- Action item -
Working from the entries that follow, transcribe exactly and only the lines from the one with "Având în vedere" through the last, pictures excluded.

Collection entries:
════════
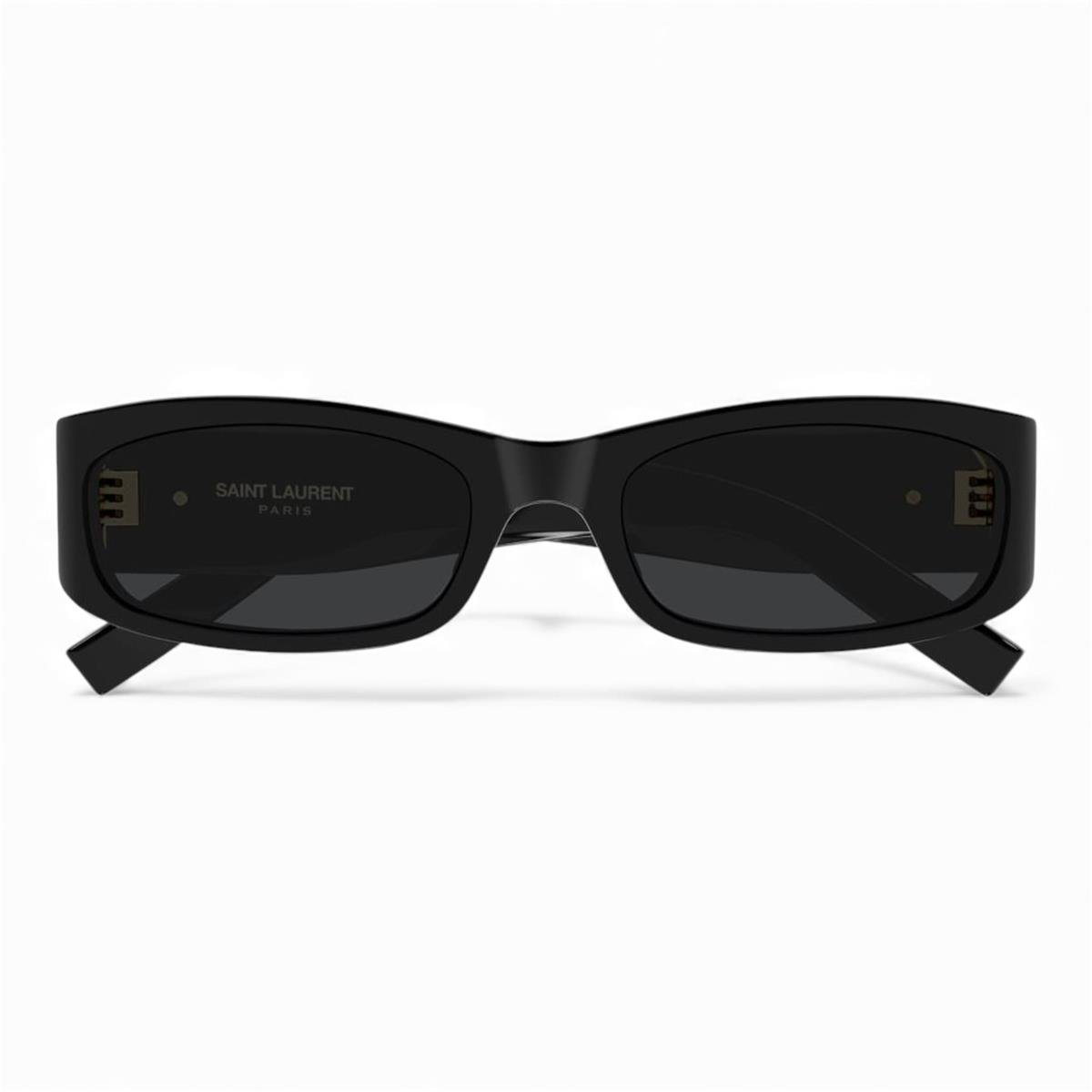 SL M152 001, Monogram serisinde yer alan, uzatılmış dikdörtgen formu ve sade çizgileriyle modern bir unisex güneş gözlüğüdür. Parlak siyah asetat çerçeve ve solid siyah bio?nylon camlar, minimal ama güçlü bir görünüm sunarak hem kadın hem erkek kullanıcılar için şehir stiline keskin bir karakter katar. Geniş saplara yerleştirilmiş Cassandre YSL logosu, çerçevenin yan profilinde ikonik ve zarif bir monogram vurgusu oluşturur.
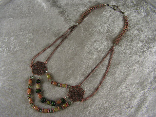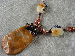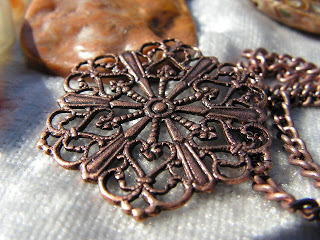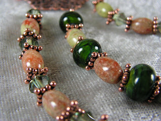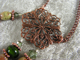 I used Swarovskis in chrysolite satin to pick up the greens in the jasper beads and add some sparkle, especially at the back of the necklace, where the sparkles draw attention to Ambra's lovely handmade clasp.I also used the chain and the two copper filigree pieces Ambra sent, as well as some square copper spacer beads.
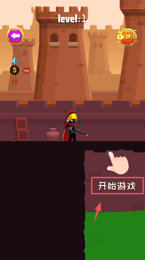 1、选择游戏,在主界面点击“一箭超人”图标,选择游戏开始。
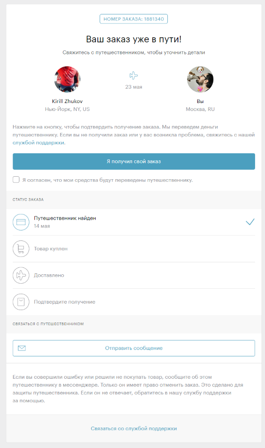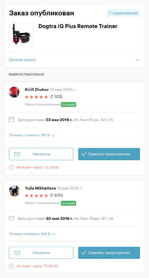 После этого остаётся только нажать кнопку Принять предложение и оплатить заказ. Путешественник сам выкупит товар удобным ему способом и доставит его прямо вам в руки, когда вернётся в город доставки.
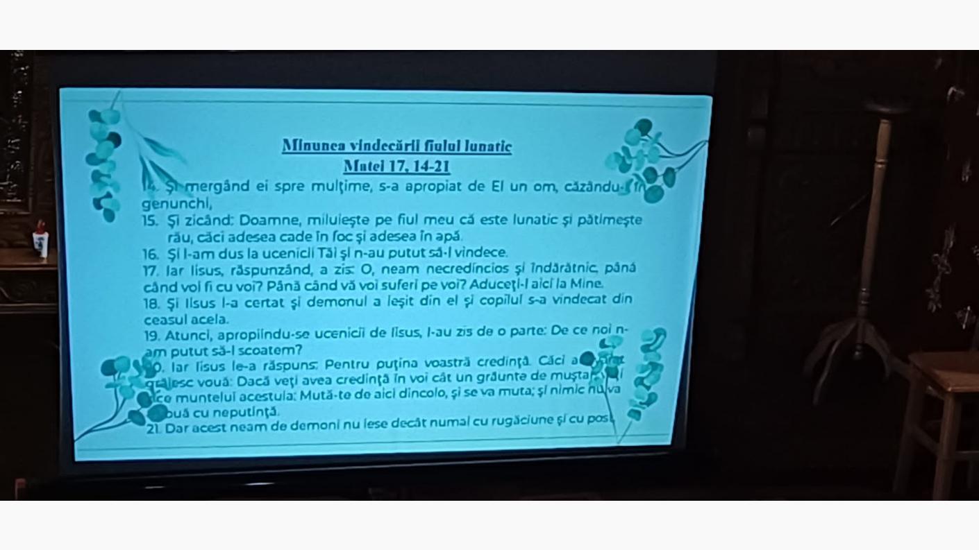 Având în vedere că se derulează anul dedicat pastorației și îngrijirii bolnavilor, respectiv anul omagierii sfinților doctori fără de arginți, s-a propus ca în cadrul întâlnirilor de anul acesta, să fie abordată problematica aceasta prin cateheză, vizionare de filme religioase specifice și dialoguri interactive. Programul întâlnirii, la care au participat aproximativ 40 de credincioși, a cuprins: rugăciunea de început, prezentarea în format power-point a catehezei cu titlul: "Îngrijirea copiilor bolnavi - responsabilitate și implicare creștină", învățarea unor pricesne și vizionarea unui film moralizator. La final întâlnirii, cei prezenți au socializat și au servit prăjituri și răcoritoare.
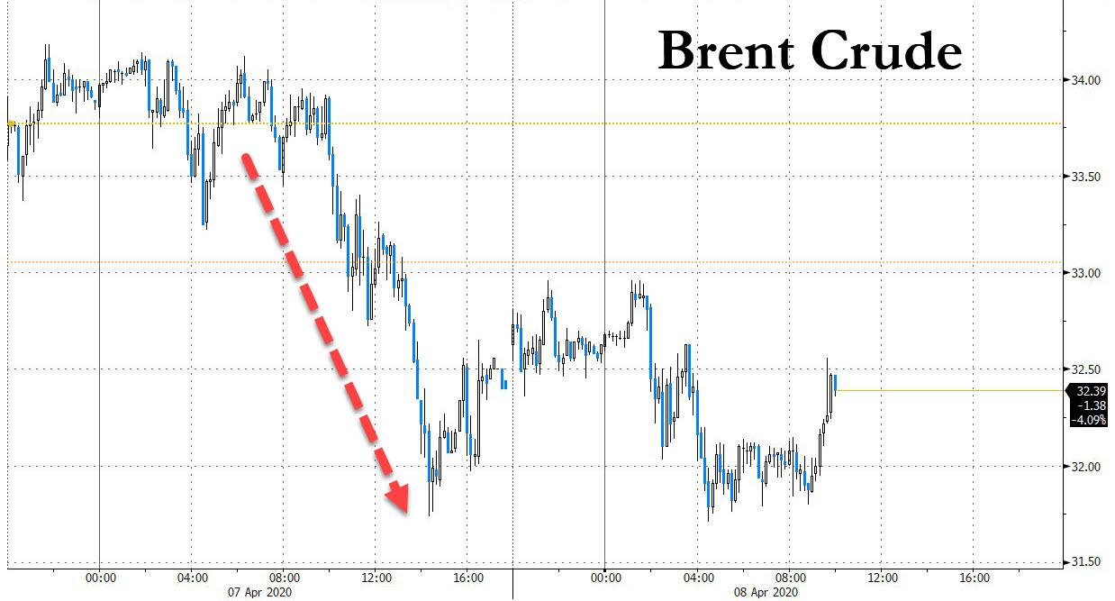 ZeroHedge - Apr 8th 2020 10:46am EDT Oil Deal On Verge Of Collapse As Russia Balks At Proposed US “Production Cut” As oil traders look with dread and fear to tomorrow’s OPEC+ teleconference one day after crude oil tumbled amid speculation that the production cut standoff will not be resolved… … there was a sliver of hope that oil prices may rebound […]
════════
- Answer -
 Având în vedere că se derulează anul dedicat pastorației și îngrijirii bolnavilor, respectiv anul omagierii sfinților doctori fără de arginți, s-a propus ca în cadrul întâlnirilor de anul acesta, să fie abordată problematica aceasta prin cateheză, vizionare de filme religioase specifice și dialoguri interactive. Programul întâlnirii, la care au participat aproximativ 40 de credincioși, a cuprins: rugăciunea de început, prezentarea în format power-point a catehezei cu titlul: "Îngrijirea copiilor bolnavi - responsabilitate și implicare creștină", învățarea unor pricesne și vizionarea unui film moralizator. La final întâlnirii, cei prezenți au socializat și au servit prăjituri și răcoritoare.
 ZeroHedge - Apr 8th 2020 10:46am EDT Oil Deal On Verge Of Collapse As Russia Balks At Proposed US “Production Cut” As oil traders look with dread and fear to tomorrow’s OPEC+ teleconference one day after crude oil tumbled amid speculation that the production cut standoff will not be resolved… … there was a sliver of hope that oil prices may rebound […]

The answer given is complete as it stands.